═══ Records to use

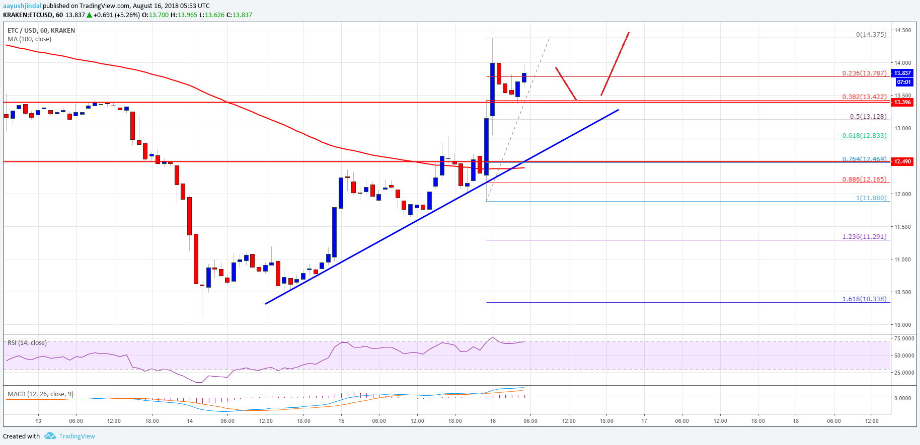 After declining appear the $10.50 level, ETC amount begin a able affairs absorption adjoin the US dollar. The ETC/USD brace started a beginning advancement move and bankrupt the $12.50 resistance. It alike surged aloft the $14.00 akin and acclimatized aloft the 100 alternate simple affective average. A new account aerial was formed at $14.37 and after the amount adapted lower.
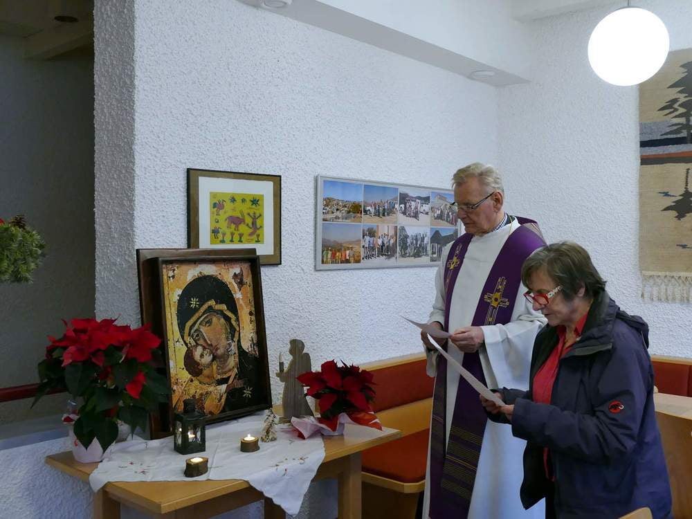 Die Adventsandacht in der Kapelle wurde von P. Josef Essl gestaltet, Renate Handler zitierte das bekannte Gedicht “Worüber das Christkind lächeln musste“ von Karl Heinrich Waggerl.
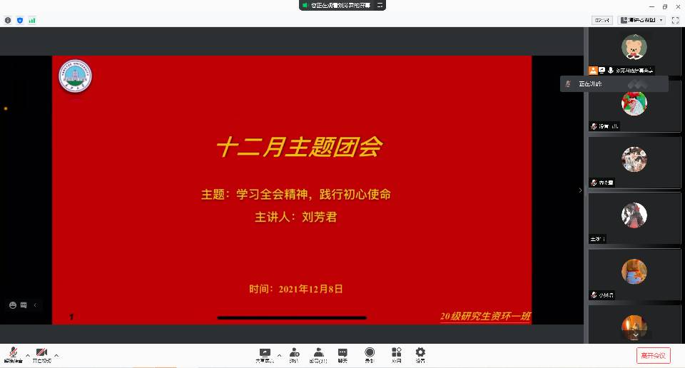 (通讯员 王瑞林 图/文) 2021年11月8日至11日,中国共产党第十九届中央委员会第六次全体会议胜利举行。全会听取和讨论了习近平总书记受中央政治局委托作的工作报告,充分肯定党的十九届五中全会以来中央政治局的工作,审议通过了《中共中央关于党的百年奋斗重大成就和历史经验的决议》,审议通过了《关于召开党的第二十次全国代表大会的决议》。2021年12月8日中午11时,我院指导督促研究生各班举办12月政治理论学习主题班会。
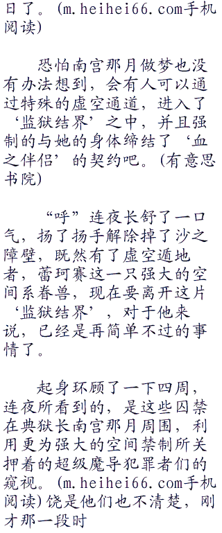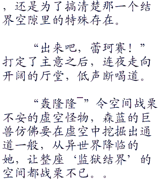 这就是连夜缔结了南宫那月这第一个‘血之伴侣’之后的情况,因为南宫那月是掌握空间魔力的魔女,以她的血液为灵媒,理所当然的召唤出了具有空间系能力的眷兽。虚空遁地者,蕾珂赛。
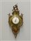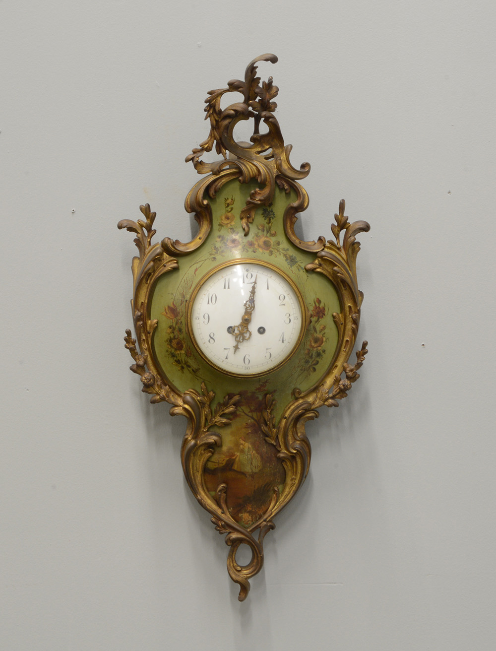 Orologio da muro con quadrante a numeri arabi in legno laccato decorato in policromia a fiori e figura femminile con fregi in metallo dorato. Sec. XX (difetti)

══════

### Exercise description
Output each record above exactly as written. Skip any pictures.

### Response
 After declining appear the $10.50 level, ETC amount begin a able affairs absorption adjoin the US dollar. The ETC/USD brace started a beginning advancement move and bankrupt the $12.50 resistance. It alike surged aloft the $14.00 akin and acclimatized aloft the 100 alternate simple affective average. A new account aerial was formed at $14.37 and after the amount adapted lower.
 Die Adventsandacht in der Kapelle wurde von P. Josef Essl gestaltet, Renate Handler zitierte das bekannte Gedicht “Worüber das Christkind lächeln musste“ von Karl Heinrich Waggerl.
 (通讯员 王瑞林 图/文) 2021年11月8日至11日,中国共产党第十九届中央委员会第六次全体会议胜利举行。全会听取和讨论了习近平总书记受中央政治局委托作的工作报告,充分肯定党的十九届五中全会以来中央政治局的工作,审议通过了《中共中央关于党的百年奋斗重大成就和历史经验的决议》,审议通过了《关于召开党的第二十次全国代表大会的决议》。2021年12月8日中午11时,我院指导督促研究生各班举办12月政治理论学习主题班会。
 这就是连夜缔结了南宫那月这第一个‘血之伴侣’之后的情况,因为南宫那月是掌握空间魔力的魔女,以她的血液为灵媒,理所当然的召唤出了具有空间系能力的眷兽。虚空遁地者,蕾珂赛。
 Orologio da muro con quadrante a numeri arabi in legno laccato decorato in policromia a fiori e figura femminile con fregi in metallo dorato. Sec. XX (difetti)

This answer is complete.